Some visualisations can have a fluid layout: they can be made wider, narrower, higher or less high without losing their functionality. But other visualisations have an inherently wide or high layout. A bar chart with vertical bars will usually have a wide layout (when the number of bars is higher), as do most world maps and line charts showing longer time series.
For these wide layout charts, rotating them to high layout on smaller screens can make sense. That is why some online media serve charts in different layouts depending on screen sizes. Below are two examples.
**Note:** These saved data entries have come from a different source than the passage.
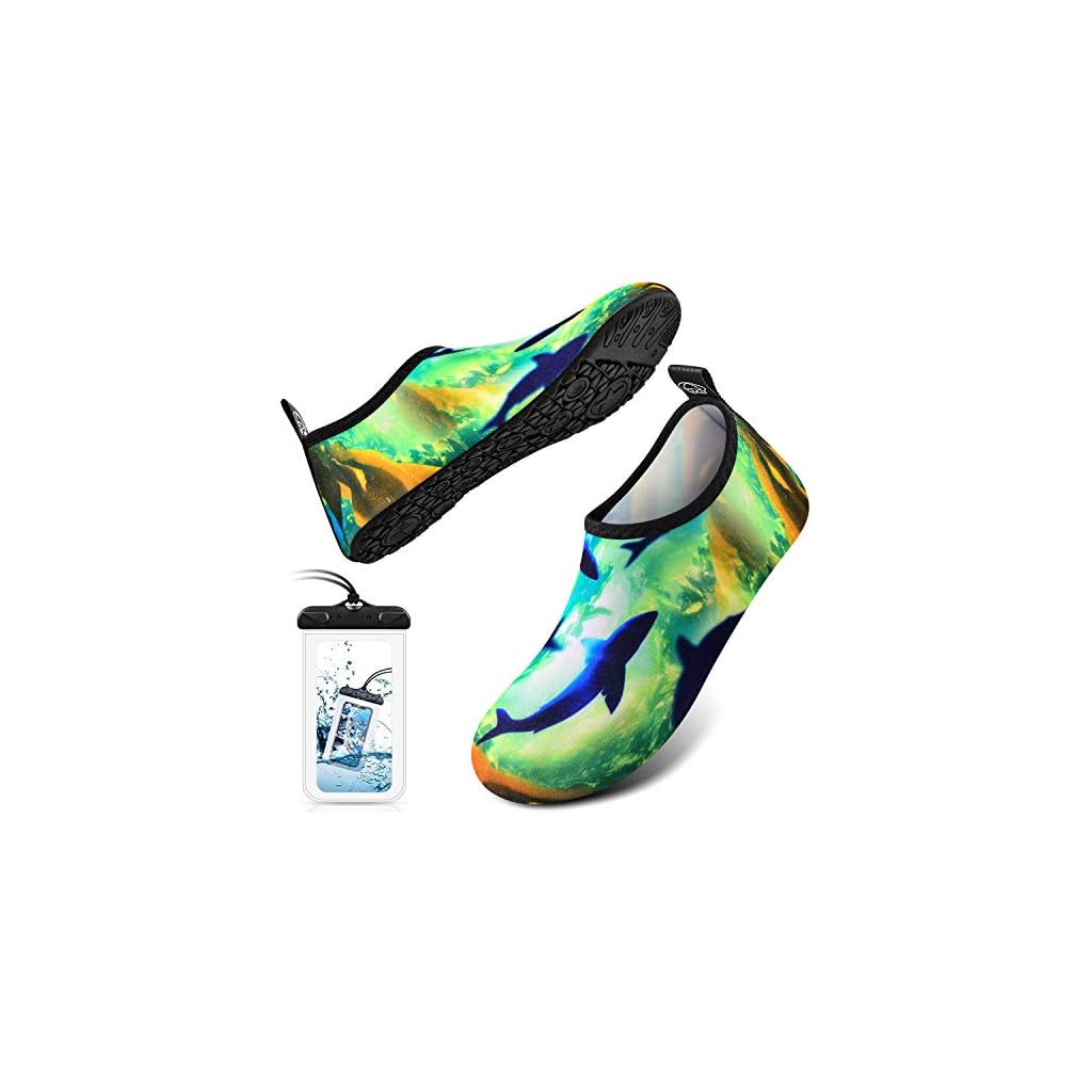 Jiamus Schwimmschuhe Damen Herren Strandschuhe Surfschuhe Aquaschuhe Barfuß Badeschuhe Wasserschuhe für Wassersport Beach Pool Surfen Yoga,Unterseeischer Hai(43/44EU Herstellergröße 44/45)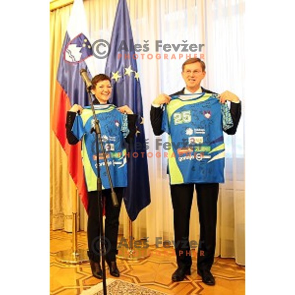 Description: Maja Makovec Brencic,Miro Cerar during Reception for Slovenia Handball Team - bronze medalists of 2017 World Championships held by Prime Minister in Vila Podroznik, Ljulbjana, Slovenia on January 30, 2017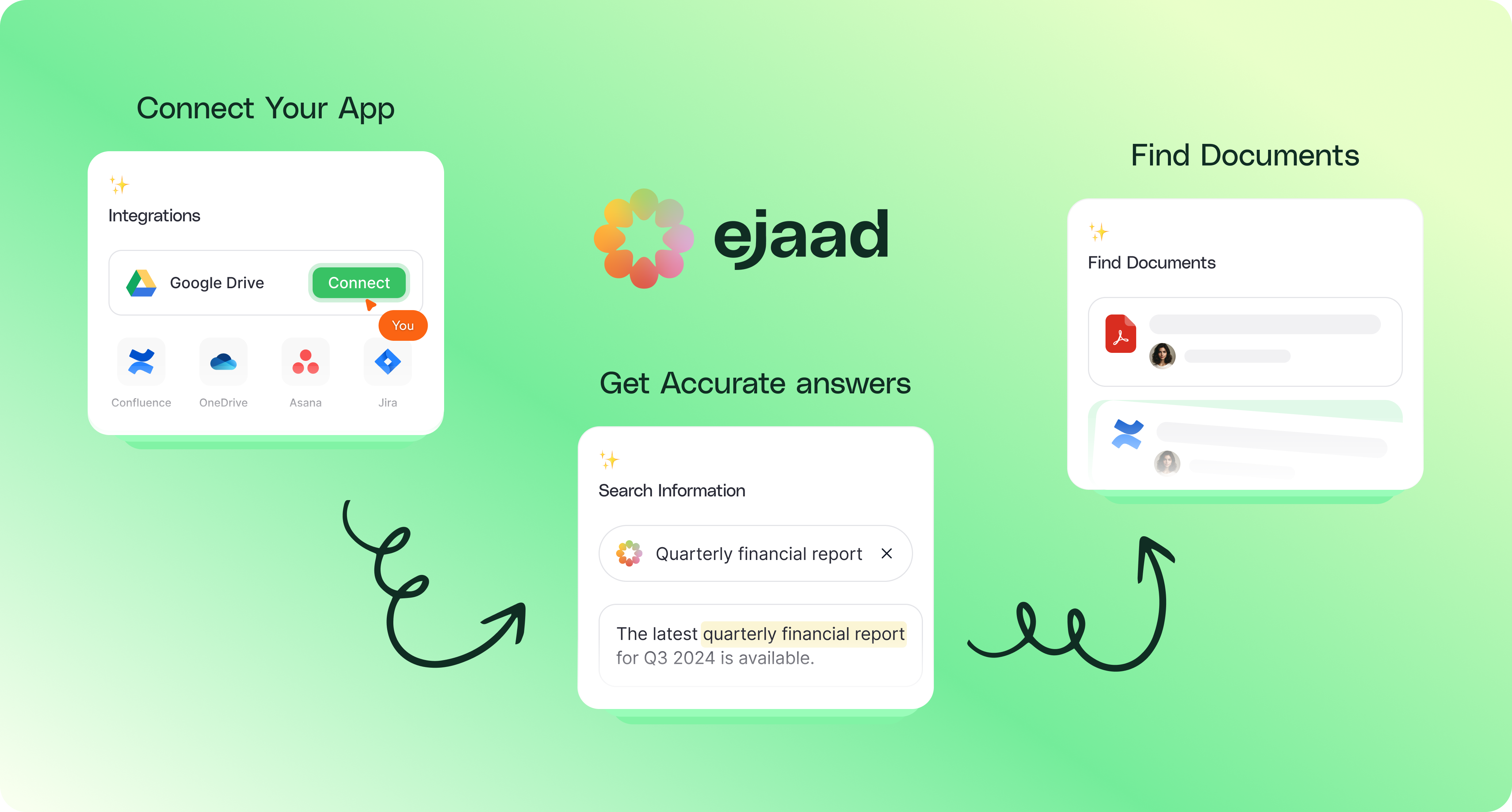 Ejaad helps you find exactly what you need — instantly. It searches across all your company’s tools and knowledge sources, delivering accurate, up-to-date answers instead of endless links. With AI-powered understanding, Ejaad goes beyond simple keywords to truly understand your questions and surface the right information every time.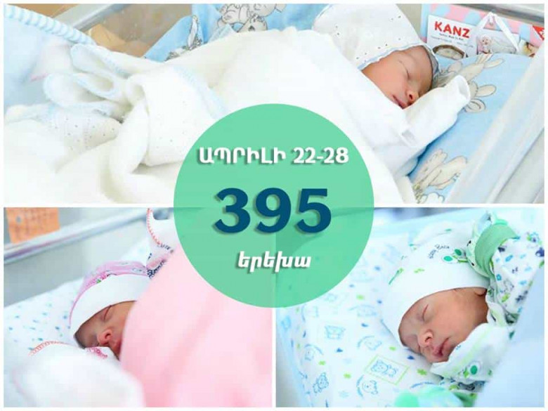 Ապրիլի 22-28-ը մայրաքաղաքի ծննդատներում լույս աշխարհ է եկել 395 երեխա՝ 217 տղա, 178 աղջիկ: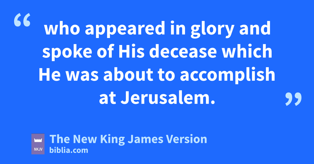 28 zNow it came to pass, about eight days after these sayings, that He took Peter, John, and James and went up on the mountain to pray. 29 As He prayed, the appearance of His face was altered, and His robe became white and glistening. 30 And behold, two men talked with Him, who were aMoses and bElijah, 31 who appeared in glory and spoke of His 3decease which He was about to accomplish at Jerusalem. 32 But Peter and those with him cwere heavy with sleep; and when they were fully awake, they saw His glory and the two men who stood with Him. 33 Then it happened, as they were parting from Him, that Peter said to Jesus, “Master, it is good for us to be here; and let us make three 4tabernacles: one for You, one for Moses, and one for Elijah”—not knowing what he said.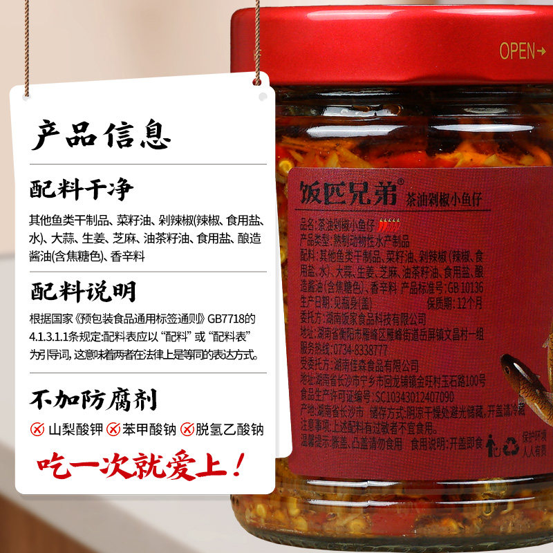 饭匹兄弟茶油剁椒小鱼仔湖南特产辣椒酱下饭菜香辣鱼干柴火鱼酸辣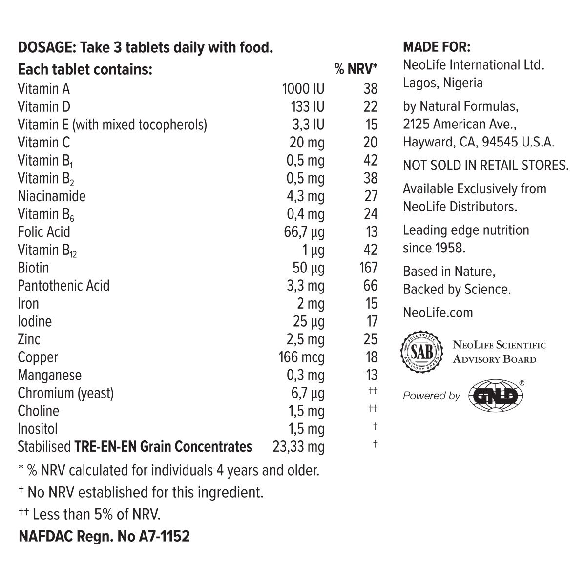 Usage:- Take 1-3 tablets daily at mealtimes as a nutritional supplement.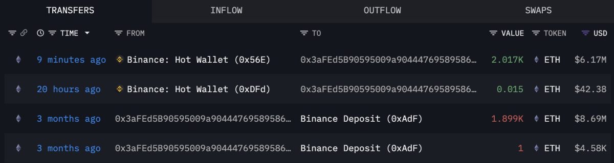 同一个钱包现在以每股 3,061 美元的价格回购了 2,017 个 ETH,总计花费 617 万美元,有效地增加了其持有量,同时花费了更少的资金。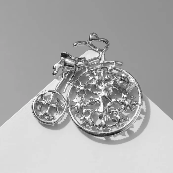 Брошь «Велосипед» ретро, белая в серебре — Характеристики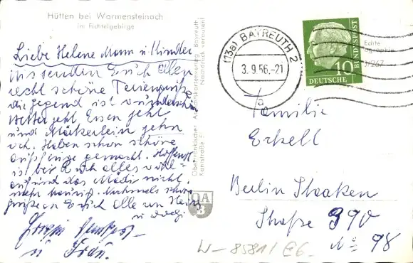 Zustand, siehe Scan, gelaufen, 1956 - ca 14 cm X 9 cm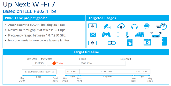 根据此前,英特尔发布的一份报告显示,WiFi 7标准工作组在2018年就已经成立,2019年5月份开始指标、框架工作文档的构建。按照规划应该会在今年5月份完成第一版草稿,不过,到目前为止,<电子发烧友网>在WiFi联盟官网和IEEE的官网上都未找到新的草稿内容,估计应该是延迟推出了。

A visualisation with a wide layout is rotated on narrower screens. Source: Italy elections 2018 polls: who is running and why it matters, ft.com
A map showing a long feature running east-west is rotated to have north to the left to fit on mobile screens. Source: London’s New Subway Symbolized the Future. Then Came Brexit, nytimes.com
Showing long time series in wide layout can be challenge, even on desktop screens. Because readers are used to scrolling web pages, longer time series can be visualised using a chart with time on the y axis.
Source: ft.com
Rotating a chart can lead to unusual charts, because they break conventions: people are not used to reading maps where the North is not up, or line charts where time does not move from left to right. This may cause some confusion for some users, but the benefit of having a readable visualisation on all screens can outweigh this confusion some users might suffer from.